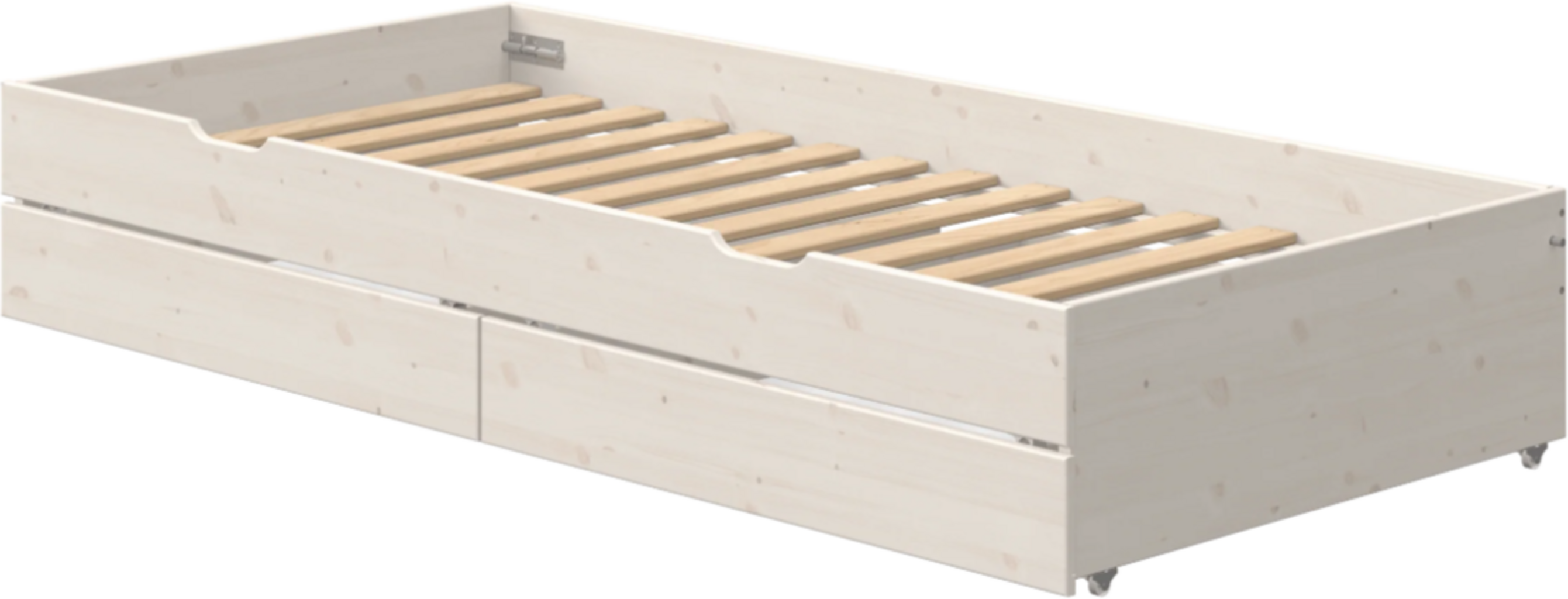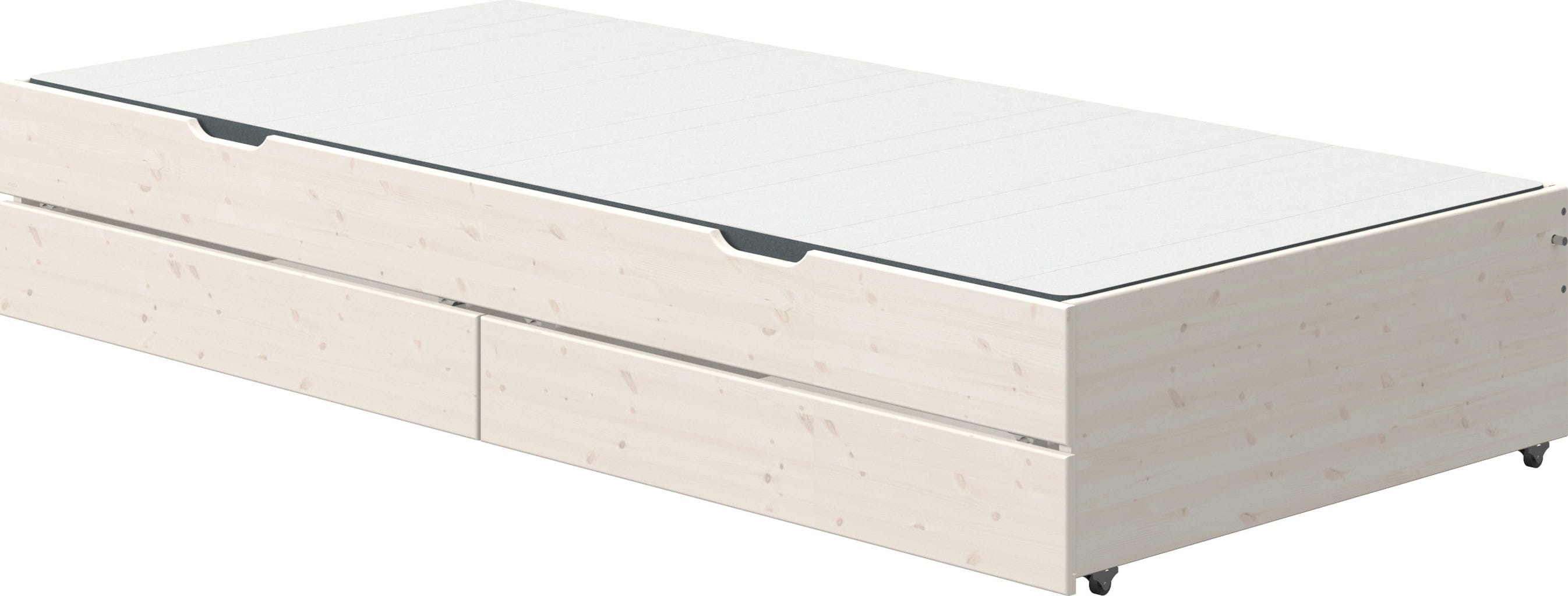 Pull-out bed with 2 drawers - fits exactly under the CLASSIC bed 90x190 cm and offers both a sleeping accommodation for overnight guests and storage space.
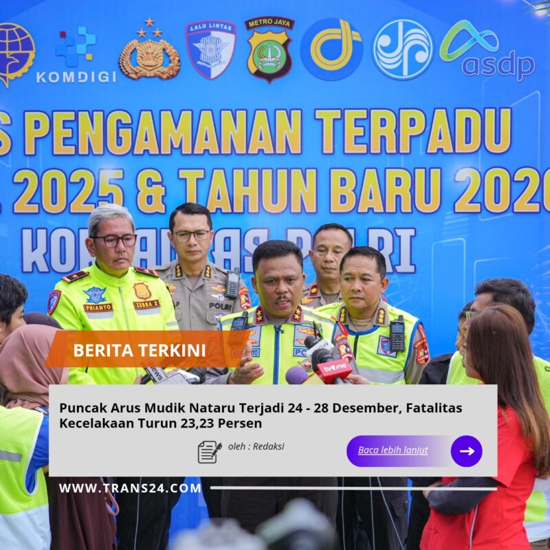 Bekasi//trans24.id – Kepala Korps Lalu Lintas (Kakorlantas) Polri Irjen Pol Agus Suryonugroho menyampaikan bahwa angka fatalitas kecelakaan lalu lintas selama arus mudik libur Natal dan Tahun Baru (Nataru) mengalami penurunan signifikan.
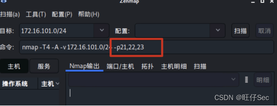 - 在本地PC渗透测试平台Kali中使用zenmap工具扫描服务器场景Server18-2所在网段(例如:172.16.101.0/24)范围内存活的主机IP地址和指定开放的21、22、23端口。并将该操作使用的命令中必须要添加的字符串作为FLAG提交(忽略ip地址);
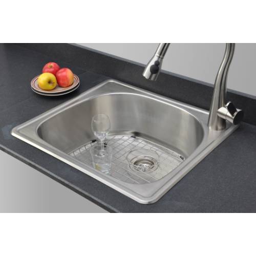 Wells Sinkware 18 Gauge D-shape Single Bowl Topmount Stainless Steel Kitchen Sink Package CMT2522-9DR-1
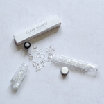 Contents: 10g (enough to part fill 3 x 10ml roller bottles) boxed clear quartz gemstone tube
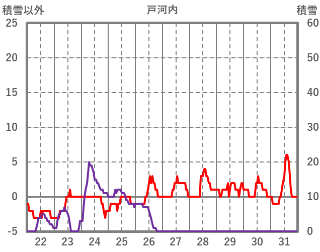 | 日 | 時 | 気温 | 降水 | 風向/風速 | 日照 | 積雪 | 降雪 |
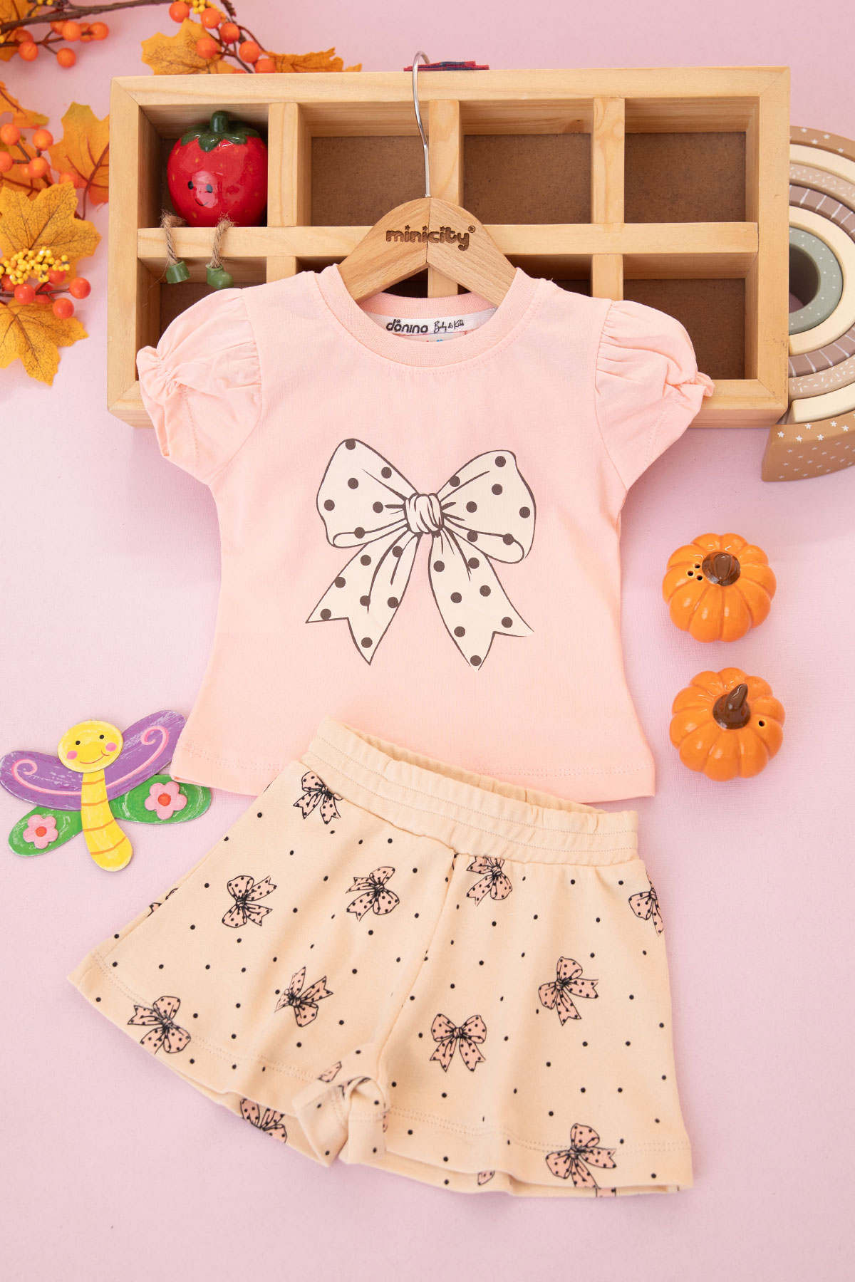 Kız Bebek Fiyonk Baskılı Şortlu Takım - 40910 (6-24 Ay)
——————————
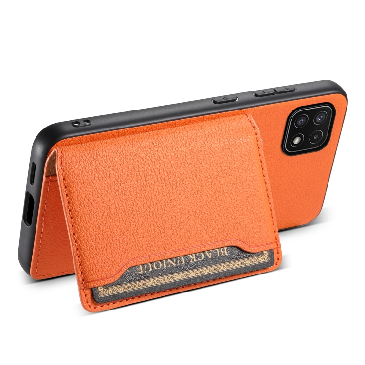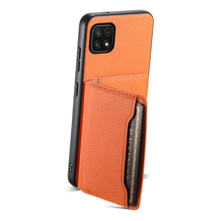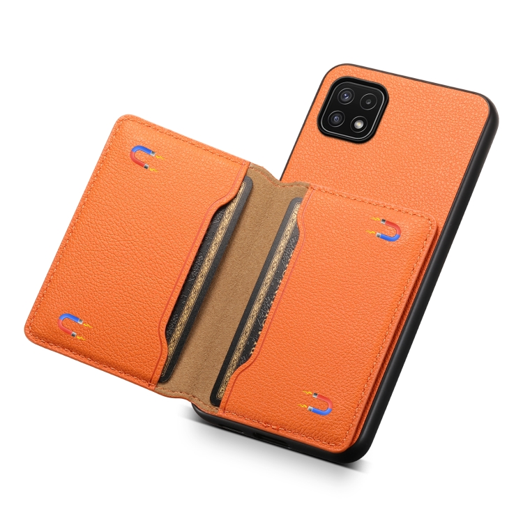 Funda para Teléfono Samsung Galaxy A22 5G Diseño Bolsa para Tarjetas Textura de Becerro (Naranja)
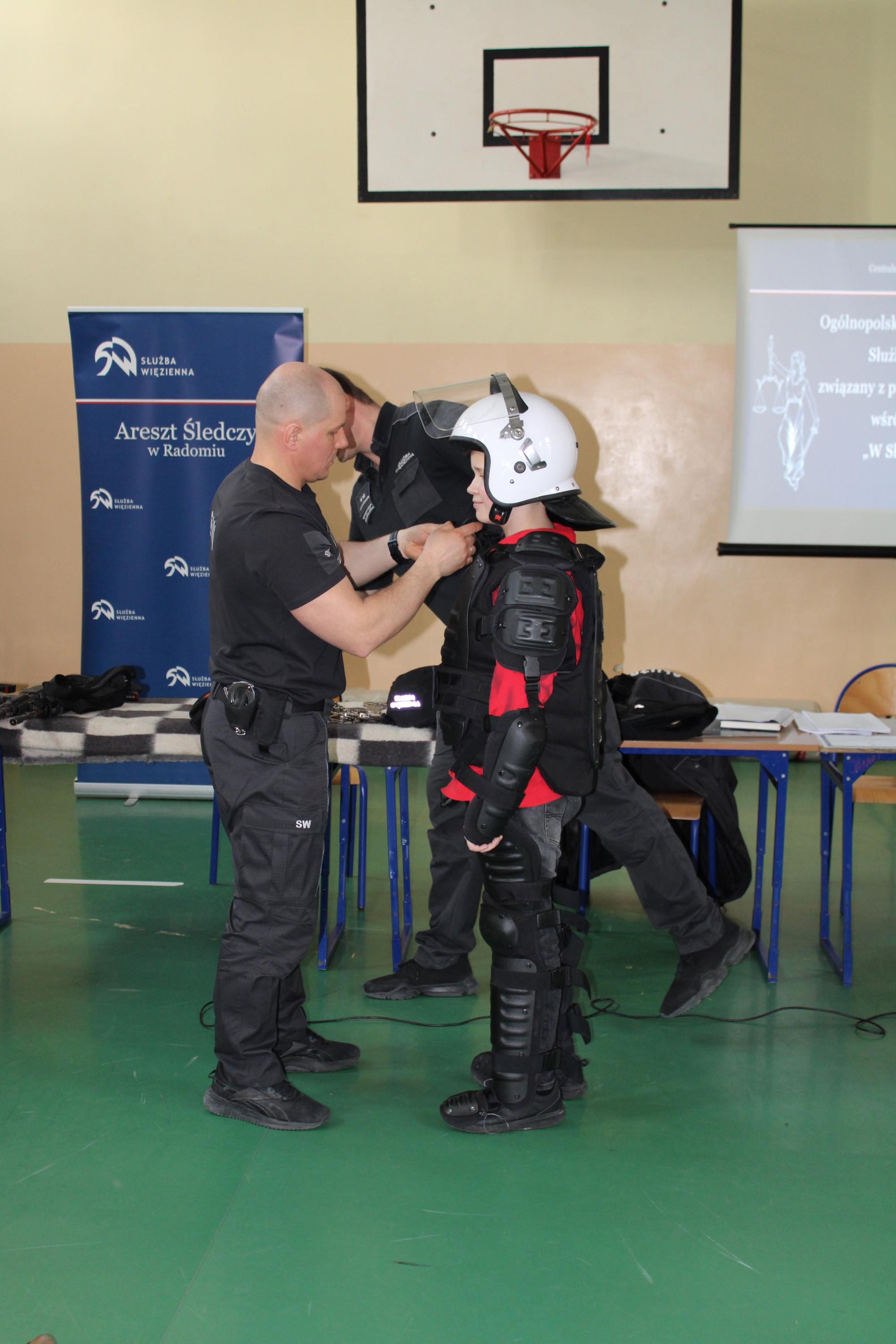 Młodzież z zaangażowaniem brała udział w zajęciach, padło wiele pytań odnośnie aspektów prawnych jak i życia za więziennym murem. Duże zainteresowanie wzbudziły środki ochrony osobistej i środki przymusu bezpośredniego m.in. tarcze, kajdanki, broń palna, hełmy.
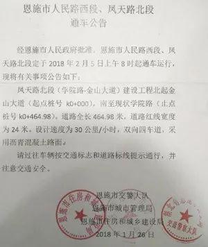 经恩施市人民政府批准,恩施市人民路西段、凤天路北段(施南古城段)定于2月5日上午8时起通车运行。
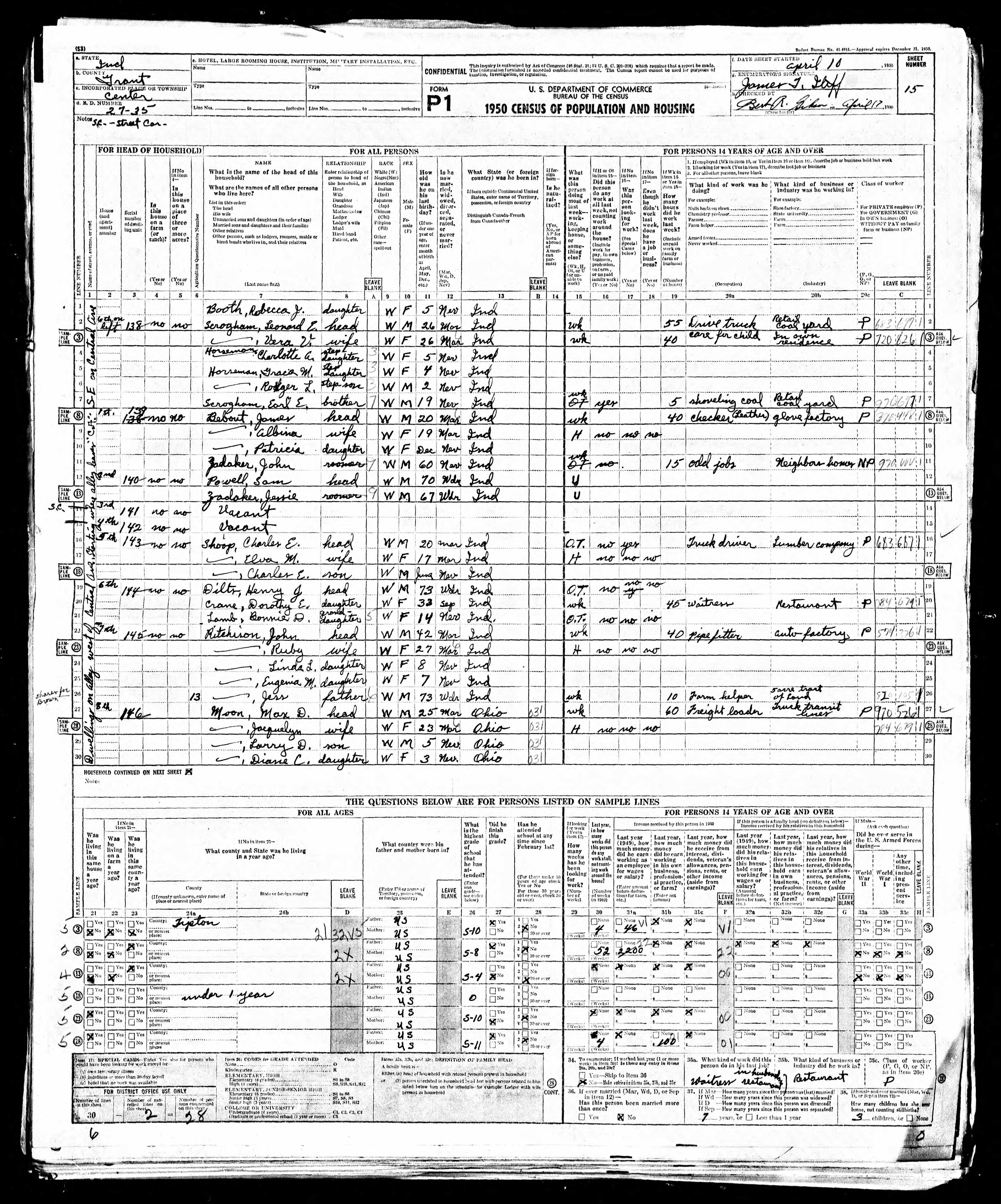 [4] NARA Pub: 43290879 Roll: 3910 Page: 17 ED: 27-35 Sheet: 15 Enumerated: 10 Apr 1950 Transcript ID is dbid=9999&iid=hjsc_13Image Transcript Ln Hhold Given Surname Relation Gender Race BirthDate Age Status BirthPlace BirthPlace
——————————
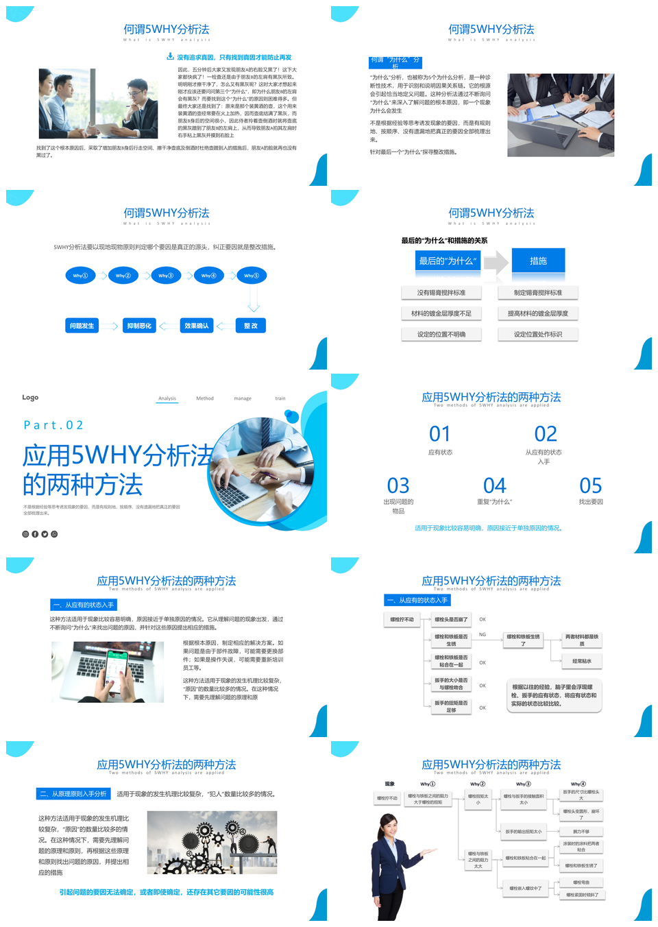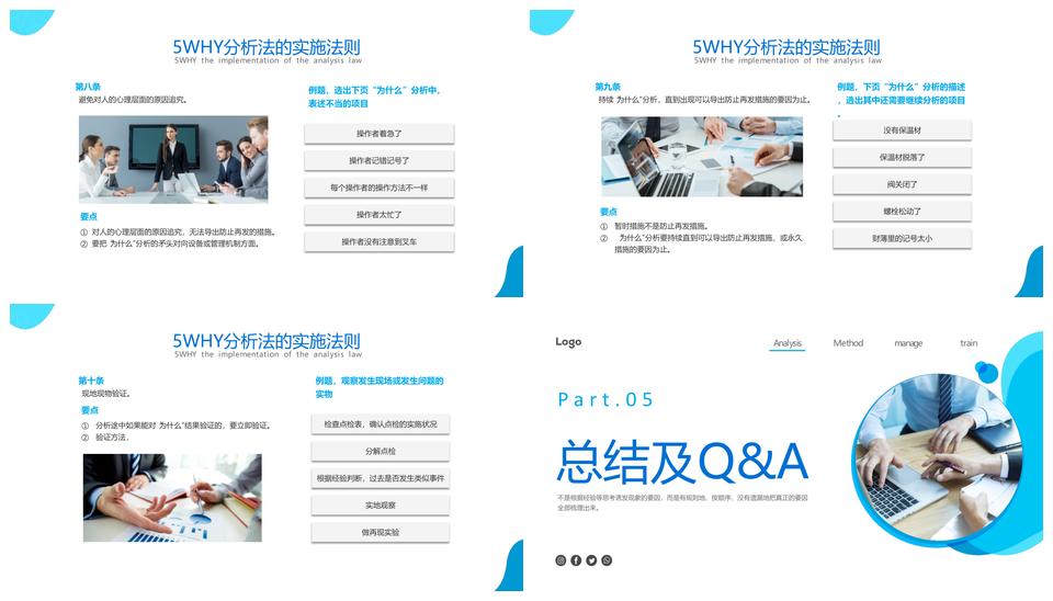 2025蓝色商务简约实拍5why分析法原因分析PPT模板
——————————
In the listing above, find the line with "经恩施市人民政府批准,恩施市" and output every line through the one with "[4] NARA Pub: 43290879", exactly, without the pictures.

 经恩施市人民政府批准,恩施市人民路西段、凤天路北段(施南古城段)定于2月5日上午8时起通车运行。
 [4] NARA Pub: 43290879 Roll: 3910 Page: 17 ED: 27-35 Sheet: 15 Enumerated: 10 Apr 1950 Transcript ID is dbid=9999&iid=hjsc_13Image Transcript Ln Hhold Given Surname Relation Gender Race BirthDate Age Status BirthPlace BirthPlace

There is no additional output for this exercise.